Suppose now $n > N,M$ with $u_n <-\epsilon$. Then again $u_{n+1} > u_n + {\epsilon^2 \over 2}$ and the sequence will start to increase. By $(2)$, it can only decrease after that if $u_k^2 < {\epsilon^2 \over 2}$, in other words if $|u_k| < {\epsilon \over \sqrt{2}}$. But by $(3)$ the amount it can decrease is at most $\epsilon^2 \over 2$, and so you will never be below $-\epsilon$ again; you can only go as far as ${\epsilon \over \sqrt{2}} - {\epsilon^2 \over 2}$ before the sequence starts going up again.

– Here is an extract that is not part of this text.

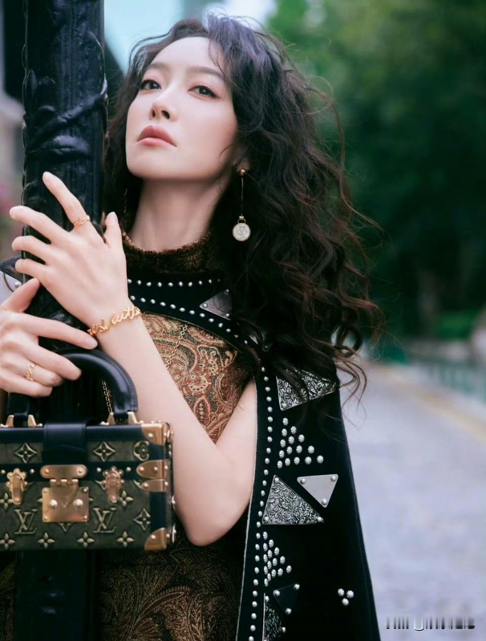 宋茜的黑色铆钉斗篷简直是酷飒女王的终极战袍

Hence eventually $u_k$ stays above $-\epsilon$. 
A: Doing unbounded case for now.
First we prove that $u_n$ can't be bounded above. If $u_n$ is bounded below then we are done so suppose $u_n$ isn't. Fix $\epsilon >0$ and assume $|u_{n+1}-u_n-u_n^2 |< \epsilon$ for all $n >N$ for some $N$. For all $C>2$ there exist $m \in \mathbb{Z}_{>0}$ s.t $u_M < -C$ and we can assume $m> N$. Then $|u_{m+1}-u_m -u_m^2| < \epsilon$. Choosing $C$ large enough and $\epsilon$ small enough we can gather $u_{m+1}>C$.
In fact with this construction we prove that $(u_n)$ is eventually increasing sequence which is not bounded above so it must tend to infinity. 
I think similar epsilon argument should work for the first case as well but I haven't tried yet.
A: I will work by absud:
Suppose that $u_n\not\to0$ and $u_n\not\to+\infty$. So either $u_n\rightarrow\ell\in\mathbb{R}\backslash\{0\}$ or $u_n\rightarrow-\infty$.


*

*Suppose that $u_n\rightarrow\ell\in\mathbb{R}\backslash\{0\}$. Since $u_{n+1}-u_n-u_n^2\rightarrow0$ then $\ell-\ell-\ell^2=0$. 
Thus, $\ell=0$. 
Absurd. 
Therefore, if $u_n$ converges it must converges to $0$. 

*If $u_n$ diverges, $u_n\rightarrow-\infty$, then we have 
$$\lim_{n\to+\infty}u_{n+1}-u_n-u_n^2=\underbrace{u_{n+1}}_{\to-\infty}\;\;\underbrace{\underbrace{-\;u_n}_{\to+\infty}\;\;\underbrace{(u_n+1)}_{\to-\infty}}_{-\infty}=-\infty.$$
Absurd.
Therefore, if $u_n$ diverges it must diverges to $+\infty$ .